User specifies objective and associated settings
Conversation Manager kicks in
Sends convo to Agent Scheduler
Agents execute commands
Output is placed back into the conversation
Rinse and repeat

Configuraiton

A YAML file defines a set of actions/commands the bot can take (e.g. npm test)
- comment: why not just leave it open-ended?
You can have different agents with different capabilities, e.g. a "dev agent" and a "reviewer agent", who work collaboratively
- comment: this sounds like MetaGPT

Components

Conversation Manager

maintains message history and command outputs
decides when to interrupt the conversation
- comment: for what? more info from the user?
decides when the conversation is over, i.e. task has been completed
- agent can send a "stop" command, max tokens can be reached, problems w/ execution environment

Parser

interprets agent output and turns it into commands, file edits, etc
in case of parsing failure, a message is sent back to the agent to rewrite its command

Output Organizer

Takes command output and selectively places it into the conversation history
- sometimes summarizes the content first
- comment: why not just drop everything back into the conversation history (maybe truncating really long CLI output)

Agent Scheduler

orchestrates different agents
uses different algos for deciding who gets to go next
- round-robin: everyone takes turns in order
- token-based: agent gets to keep going until it says it's done
- priority-based: agents go based on (user defined?) priority

Tools Library

file editing (can edit entire file, or specify start line and end line)
retrieval (file contents, ls, grep). Seems to use vector search as well
build and execution: abstracts away the implementation in favor of simple commands like build foo
testing and validation: includes linters and bug-finding utils
git: can commit, push, merge
communication: can as human for input/feedback, can talk to other agents

Evaluation Environment

runs in Docker

Mar 16 '24 15:03 rbren

I've also been experimenting heavily with long-term planning. I've gotten good results by allowing the bot to manage its own short-term memory (context window) and long-term memory (vector database).

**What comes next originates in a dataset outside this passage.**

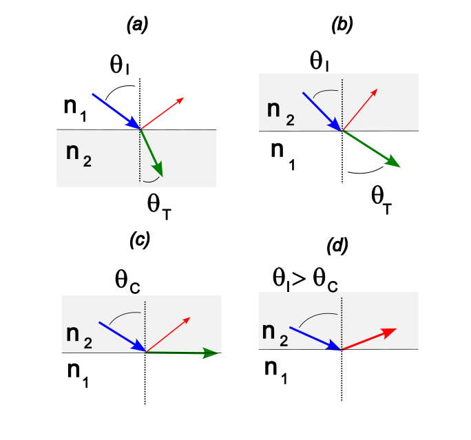 it is 50% slower.) In (a) we have a situation such as incident light (blue) coming from air into water or glass, where some is reflected (red) and the rest transmitted (green). This gives rise to the familiar “bent” shape of immersed objects. In (b) we have the reverse case, and we note that now, the transmitted angle must be larger than the incident one. In (c) we take this idea to the natural conclusion: there must be some incidence angle at which the transmitted light moves off parallel to the boundary: the critical angle,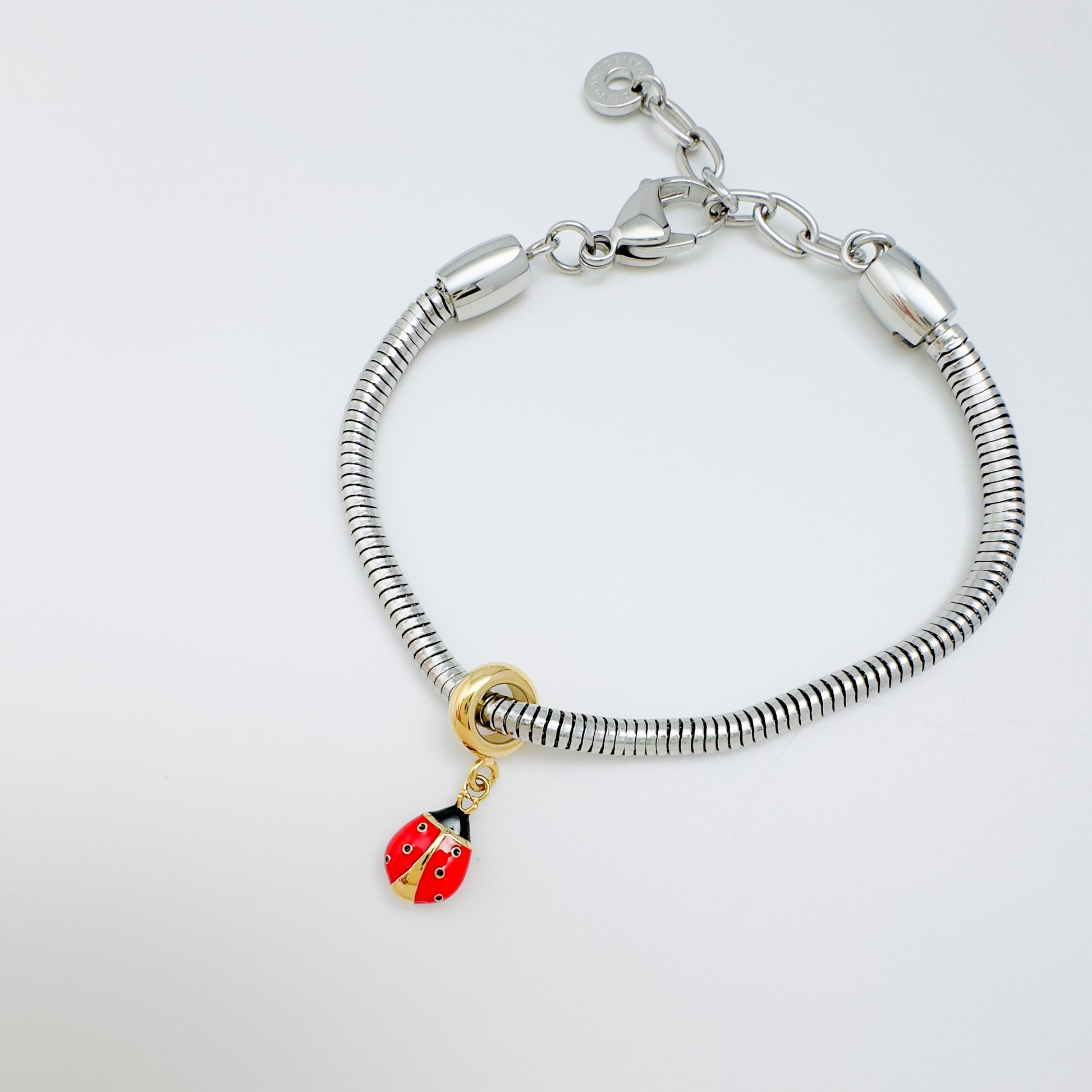 Carry a symbol of luck and joy with our delicate Ladybird Charm, crafted in a radiant gold-plated finish. Its tiny, detailed design shines with waterproof and anti-tarnish durability, making it a charming addition to your bracelet.

Here's the basic flow I'm converging on:

The context window is the bot's "internal monologue". This includes:
- Every message the bot has sent back
- Every output from the command line
- Every HTML output from the browser
The internal monologue is periodically summarized (using a separate agent) and condensed to keep it under a certain token limit
- Old thoughts are summarized more aggressively than recent thoughts
- Summarizer is told to preserve information related to the overall goal
The verbatim history of the internal monologue is kept in a vector database for later retrieval
- The bot can issue a "RECALL" command to search the database
  - Output is placed directly into the monologue

I find it's also helpful to instruct the bot to always think more between taking actions. So it edits a file, then says "I think I should run this command next", then runs the command.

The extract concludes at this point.